[Opening Records for the exercise section]

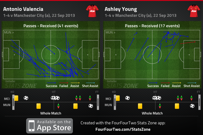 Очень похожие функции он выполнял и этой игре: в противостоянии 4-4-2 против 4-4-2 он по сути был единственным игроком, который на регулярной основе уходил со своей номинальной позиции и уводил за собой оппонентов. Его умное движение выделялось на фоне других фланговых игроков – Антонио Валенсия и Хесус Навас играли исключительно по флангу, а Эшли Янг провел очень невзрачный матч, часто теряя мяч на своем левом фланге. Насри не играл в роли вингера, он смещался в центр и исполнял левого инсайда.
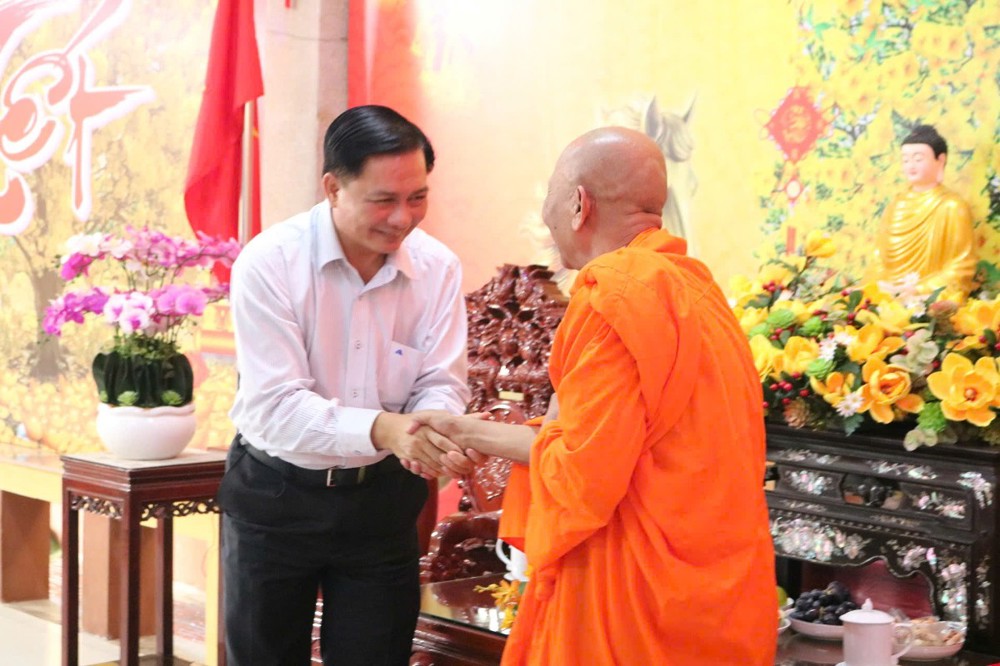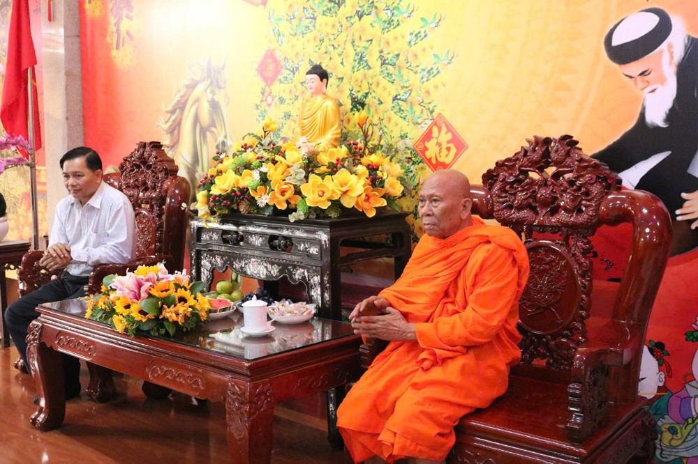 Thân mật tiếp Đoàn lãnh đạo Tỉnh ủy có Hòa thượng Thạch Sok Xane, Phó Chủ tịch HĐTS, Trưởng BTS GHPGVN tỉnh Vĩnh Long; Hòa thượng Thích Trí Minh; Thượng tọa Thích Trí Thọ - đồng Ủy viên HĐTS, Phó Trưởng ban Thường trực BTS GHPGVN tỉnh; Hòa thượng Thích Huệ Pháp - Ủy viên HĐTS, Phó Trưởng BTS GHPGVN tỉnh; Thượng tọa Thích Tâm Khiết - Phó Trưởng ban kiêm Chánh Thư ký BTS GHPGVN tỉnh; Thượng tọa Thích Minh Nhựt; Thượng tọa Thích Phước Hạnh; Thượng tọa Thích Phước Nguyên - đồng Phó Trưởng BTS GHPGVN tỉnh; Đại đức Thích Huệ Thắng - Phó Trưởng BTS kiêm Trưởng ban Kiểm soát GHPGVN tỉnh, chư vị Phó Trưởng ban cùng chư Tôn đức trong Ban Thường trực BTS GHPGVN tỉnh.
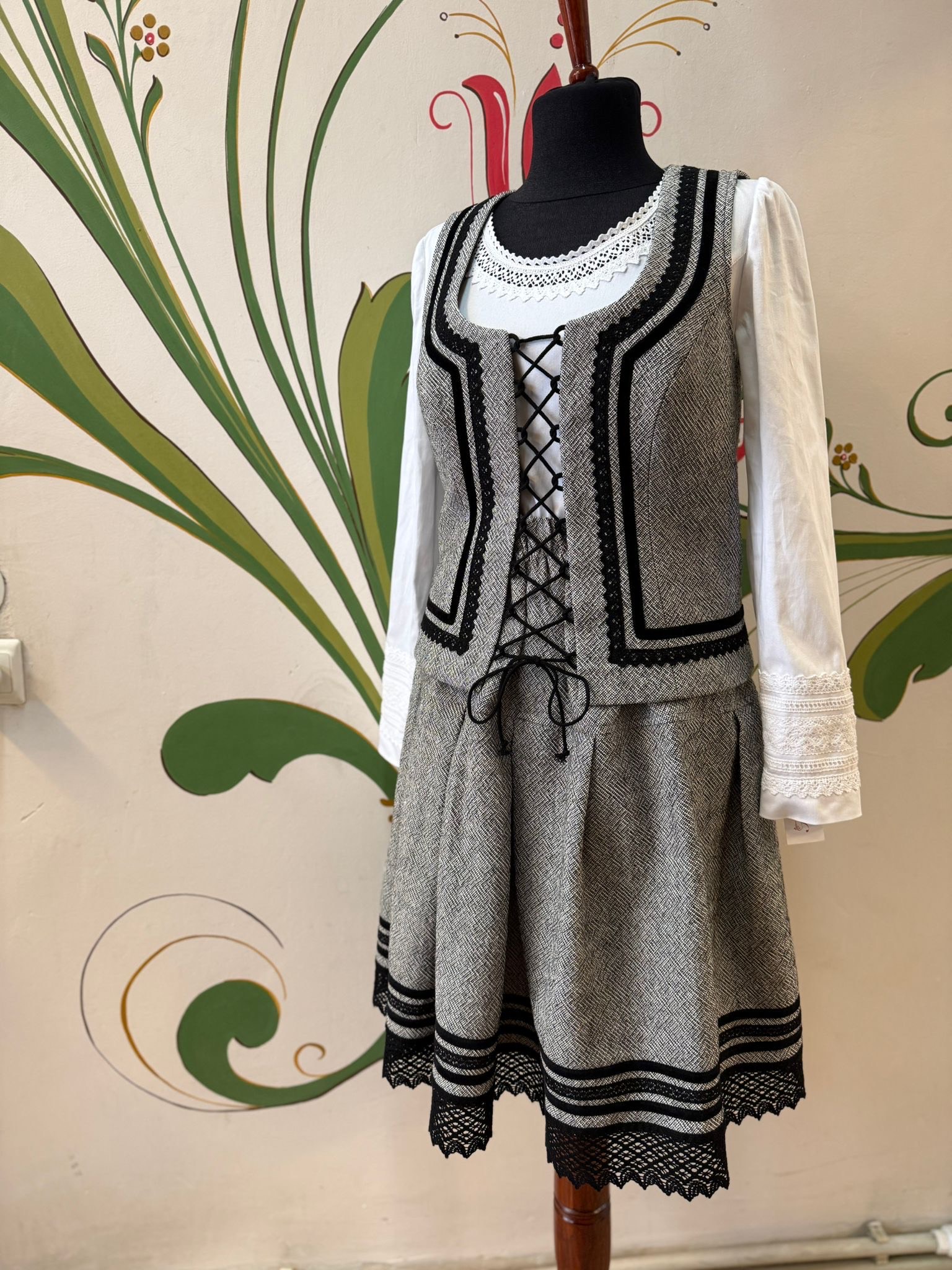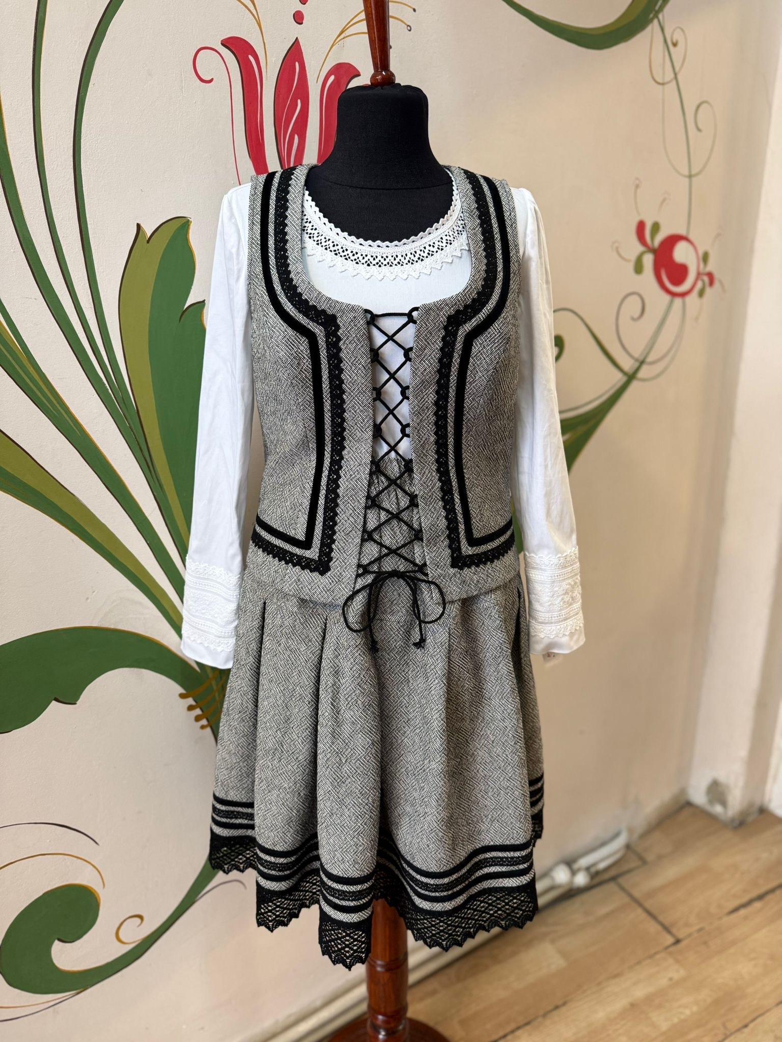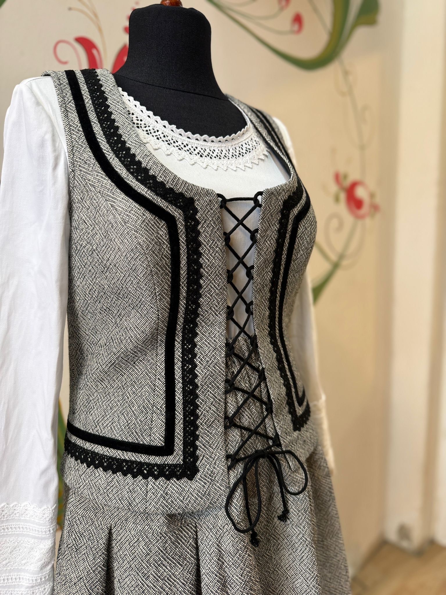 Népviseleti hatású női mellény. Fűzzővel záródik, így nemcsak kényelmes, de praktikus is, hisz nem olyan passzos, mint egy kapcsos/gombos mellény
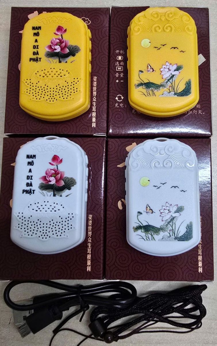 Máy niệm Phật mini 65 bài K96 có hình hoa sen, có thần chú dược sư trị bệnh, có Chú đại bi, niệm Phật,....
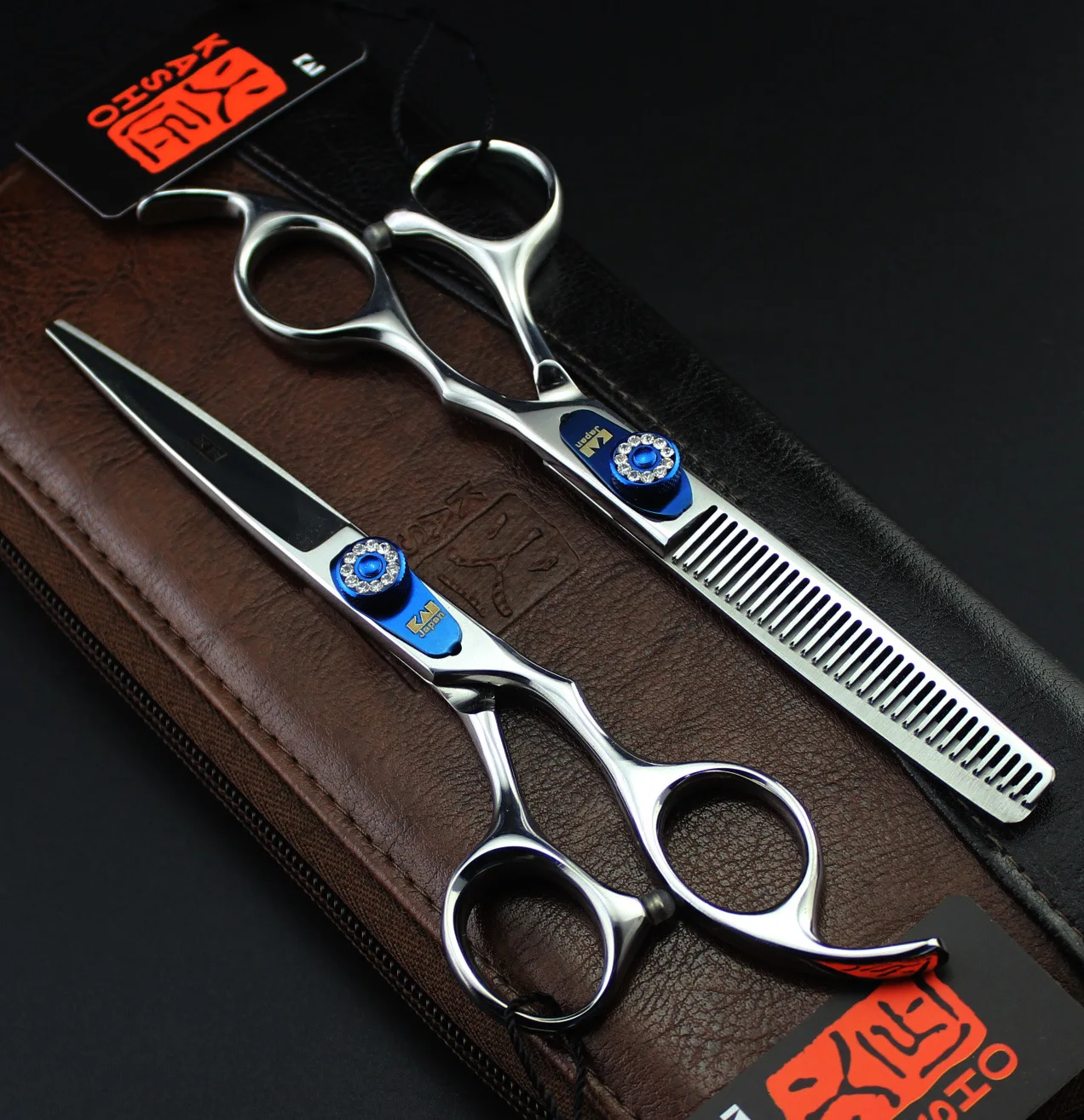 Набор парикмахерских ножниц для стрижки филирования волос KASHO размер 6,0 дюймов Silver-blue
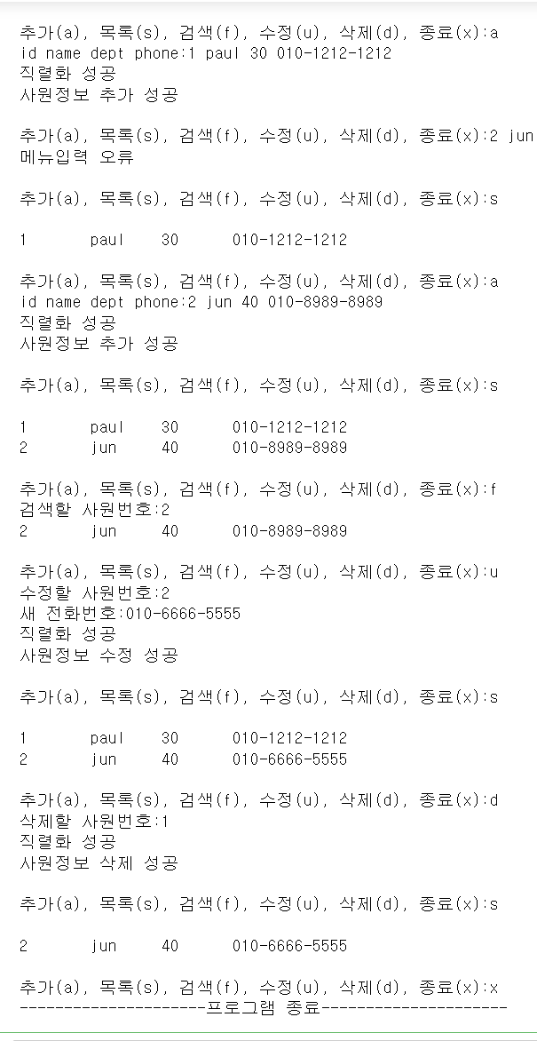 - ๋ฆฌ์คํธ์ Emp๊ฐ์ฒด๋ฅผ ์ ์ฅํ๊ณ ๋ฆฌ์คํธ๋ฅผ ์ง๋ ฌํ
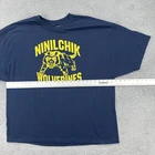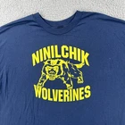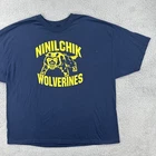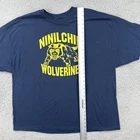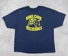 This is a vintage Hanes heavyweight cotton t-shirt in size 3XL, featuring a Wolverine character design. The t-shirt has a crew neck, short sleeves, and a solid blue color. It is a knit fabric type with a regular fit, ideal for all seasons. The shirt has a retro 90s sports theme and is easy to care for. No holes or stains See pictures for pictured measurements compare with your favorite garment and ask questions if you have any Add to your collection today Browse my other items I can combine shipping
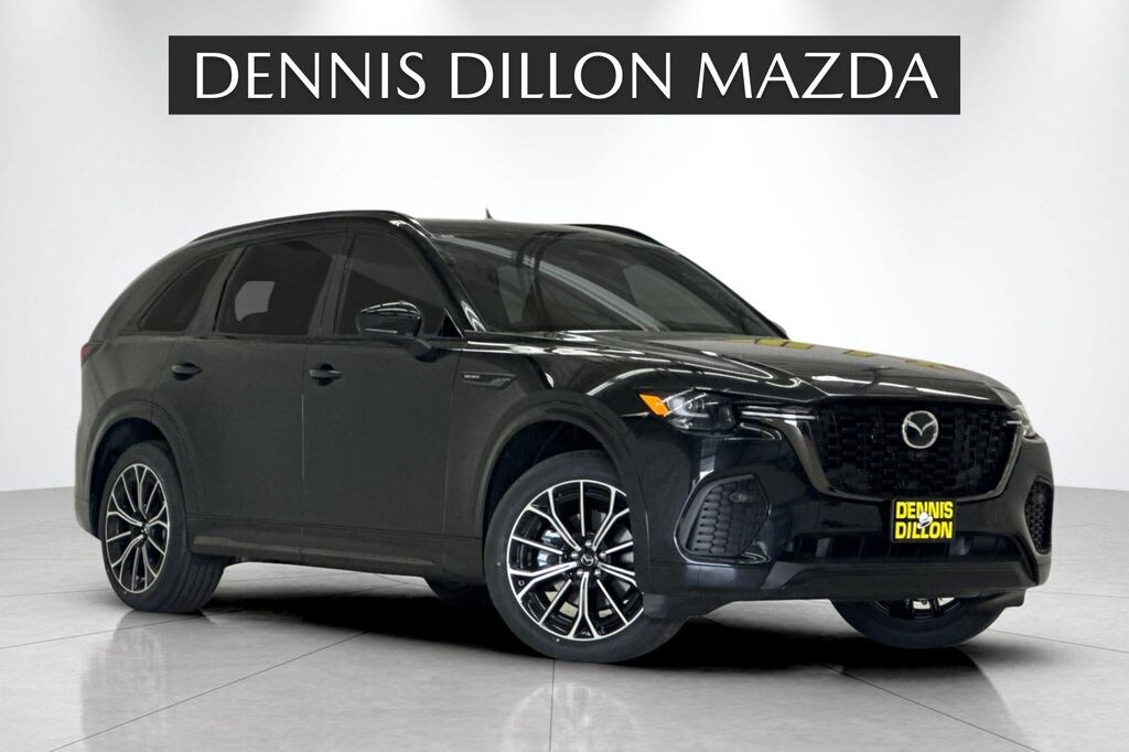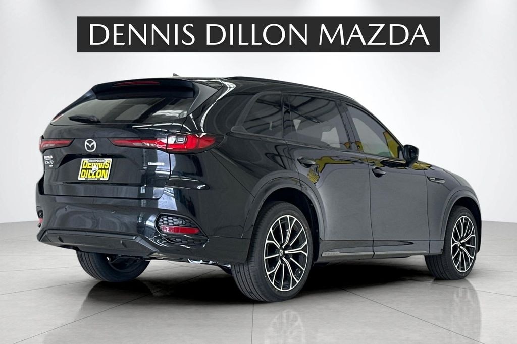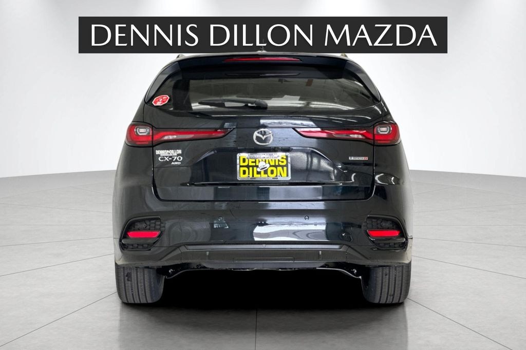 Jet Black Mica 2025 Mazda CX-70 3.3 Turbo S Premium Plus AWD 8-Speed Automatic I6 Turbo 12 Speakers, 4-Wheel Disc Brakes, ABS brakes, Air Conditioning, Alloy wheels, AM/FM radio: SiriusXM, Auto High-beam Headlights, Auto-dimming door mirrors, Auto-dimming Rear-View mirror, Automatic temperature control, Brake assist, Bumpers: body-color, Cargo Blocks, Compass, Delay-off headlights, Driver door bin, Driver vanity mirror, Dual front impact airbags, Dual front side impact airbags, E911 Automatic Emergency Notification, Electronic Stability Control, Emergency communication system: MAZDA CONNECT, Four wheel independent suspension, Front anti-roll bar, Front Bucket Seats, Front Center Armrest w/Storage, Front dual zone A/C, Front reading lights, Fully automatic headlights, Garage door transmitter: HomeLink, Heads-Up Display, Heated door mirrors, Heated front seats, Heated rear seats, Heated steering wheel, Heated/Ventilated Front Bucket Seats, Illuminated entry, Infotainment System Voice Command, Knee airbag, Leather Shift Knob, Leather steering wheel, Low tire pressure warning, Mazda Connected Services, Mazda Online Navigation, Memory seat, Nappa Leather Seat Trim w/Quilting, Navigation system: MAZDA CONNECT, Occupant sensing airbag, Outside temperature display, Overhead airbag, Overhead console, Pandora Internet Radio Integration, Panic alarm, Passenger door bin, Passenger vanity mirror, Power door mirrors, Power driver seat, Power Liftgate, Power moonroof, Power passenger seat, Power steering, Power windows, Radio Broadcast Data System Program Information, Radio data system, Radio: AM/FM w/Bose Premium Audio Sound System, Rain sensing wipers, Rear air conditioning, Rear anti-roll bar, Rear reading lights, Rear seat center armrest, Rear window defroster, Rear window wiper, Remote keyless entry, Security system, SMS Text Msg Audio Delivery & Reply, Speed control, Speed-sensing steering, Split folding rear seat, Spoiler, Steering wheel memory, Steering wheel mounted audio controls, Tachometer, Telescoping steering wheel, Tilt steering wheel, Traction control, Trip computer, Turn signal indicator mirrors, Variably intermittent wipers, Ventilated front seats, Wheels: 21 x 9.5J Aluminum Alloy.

[Closing Records for the exercise section]

Problem requirements >> Every entry, exactly as written: transcribe it, passing over any pictures.

Task solution >>
 Очень похожие функции он выполнял и этой игре: в противостоянии 4-4-2 против 4-4-2 он по сути был единственным игроком, который на регулярной основе уходил со своей номинальной позиции и уводил за собой оппонентов. Его умное движение выделялось на фоне других фланговых игроков – Антонио Валенсия и Хесус Навас играли исключительно по флангу, а Эшли Янг провел очень невзрачный матч, часто теряя мяч на своем левом фланге. Насри не играл в роли вингера, он смещался в центр и исполнял левого инсайда.
 Thân mật tiếp Đoàn lãnh đạo Tỉnh ủy có Hòa thượng Thạch Sok Xane, Phó Chủ tịch HĐTS, Trưởng BTS GHPGVN tỉnh Vĩnh Long; Hòa thượng Thích Trí Minh; Thượng tọa Thích Trí Thọ - đồng Ủy viên HĐTS, Phó Trưởng ban Thường trực BTS GHPGVN tỉnh; Hòa thượng Thích Huệ Pháp - Ủy viên HĐTS, Phó Trưởng BTS GHPGVN tỉnh; Thượng tọa Thích Tâm Khiết - Phó Trưởng ban kiêm Chánh Thư ký BTS GHPGVN tỉnh; Thượng tọa Thích Minh Nhựt; Thượng tọa Thích Phước Hạnh; Thượng tọa Thích Phước Nguyên - đồng Phó Trưởng BTS GHPGVN tỉnh; Đại đức Thích Huệ Thắng - Phó Trưởng BTS kiêm Trưởng ban Kiểm soát GHPGVN tỉnh, chư vị Phó Trưởng ban cùng chư Tôn đức trong Ban Thường trực BTS GHPGVN tỉnh.
 Népviseleti hatású női mellény. Fűzzővel záródik, így nemcsak kényelmes, de praktikus is, hisz nem olyan passzos, mint egy kapcsos/gombos mellény
 Máy niệm Phật mini 65 bài K96 có hình hoa sen, có thần chú dược sư trị bệnh, có Chú đại bi, niệm Phật,....
 Набор парикмахерских ножниц для стрижки филирования волос KASHO размер 6,0 дюймов Silver-blue
 - ๋ฆฌ์คํธ์ Emp๊ฐ์ฒด๋ฅผ ์ ์ฅํ๊ณ ๋ฆฌ์คํธ๋ฅผ ์ง๋ ฌํ
 This is a vintage Hanes heavyweight cotton t-shirt in size 3XL, featuring a Wolverine character design. The t-shirt has a crew neck, short sleeves, and a solid blue color. It is a knit fabric type with a regular fit, ideal for all seasons. The shirt has a retro 90s sports theme and is easy to care for. No holes or stains See pictures for pictured measurements compare with your favorite garment and ask questions if you have any Add to your collection today Browse my other items I can combine shipping
 Jet Black Mica 2025 Mazda CX-70 3.3 Turbo S Premium Plus AWD 8-Speed Automatic I6 Turbo 12 Speakers, 4-Wheel Disc Brakes, ABS brakes, Air Conditioning, Alloy wheels, AM/FM radio: SiriusXM, Auto High-beam Headlights, Auto-dimming door mirrors, Auto-dimming Rear-View mirror, Automatic temperature control, Brake assist, Bumpers: body-color, Cargo Blocks, Compass, Delay-off headlights, Driver door bin, Driver vanity mirror, Dual front impact airbags, Dual front side impact airbags, E911 Automatic Emergency Notification, Electronic Stability Control, Emergency communication system: MAZDA CONNECT, Four wheel independent suspension, Front anti-roll bar, Front Bucket Seats, Front Center Armrest w/Storage, Front dual zone A/C, Front reading lights, Fully automatic headlights, Garage door transmitter: HomeLink, Heads-Up Display, Heated door mirrors, Heated front seats, Heated rear seats, Heated steering wheel, Heated/Ventilated Front Bucket Seats, Illuminated entry, Infotainment System Voice Command, Knee airbag, Leather Shift Knob, Leather steering wheel, Low tire pressure warning, Mazda Connected Services, Mazda Online Navigation, Memory seat, Nappa Leather Seat Trim w/Quilting, Navigation system: MAZDA CONNECT, Occupant sensing airbag, Outside temperature display, Overhead airbag, Overhead console, Pandora Internet Radio Integration, Panic alarm, Passenger door bin, Passenger vanity mirror, Power door mirrors, Power driver seat, Power Liftgate, Power moonroof, Power passenger seat, Power steering, Power windows, Radio Broadcast Data System Program Information, Radio data system, Radio: AM/FM w/Bose Premium Audio Sound System, Rain sensing wipers, Rear air conditioning, Rear anti-roll bar, Rear reading lights, Rear seat center armrest, Rear window defroster, Rear window wiper, Remote keyless entry, Security system, SMS Text Msg Audio Delivery & Reply, Speed control, Speed-sensing steering, Split folding rear seat, Spoiler, Steering wheel memory, Steering wheel mounted audio controls, Tachometer, Telescoping steering wheel, Tilt steering wheel, Traction control, Trip computer, Turn signal indicator mirrors, Variably intermittent wipers, Ventilated front seats, Wheels: 21 x 9.5J Aluminum Alloy.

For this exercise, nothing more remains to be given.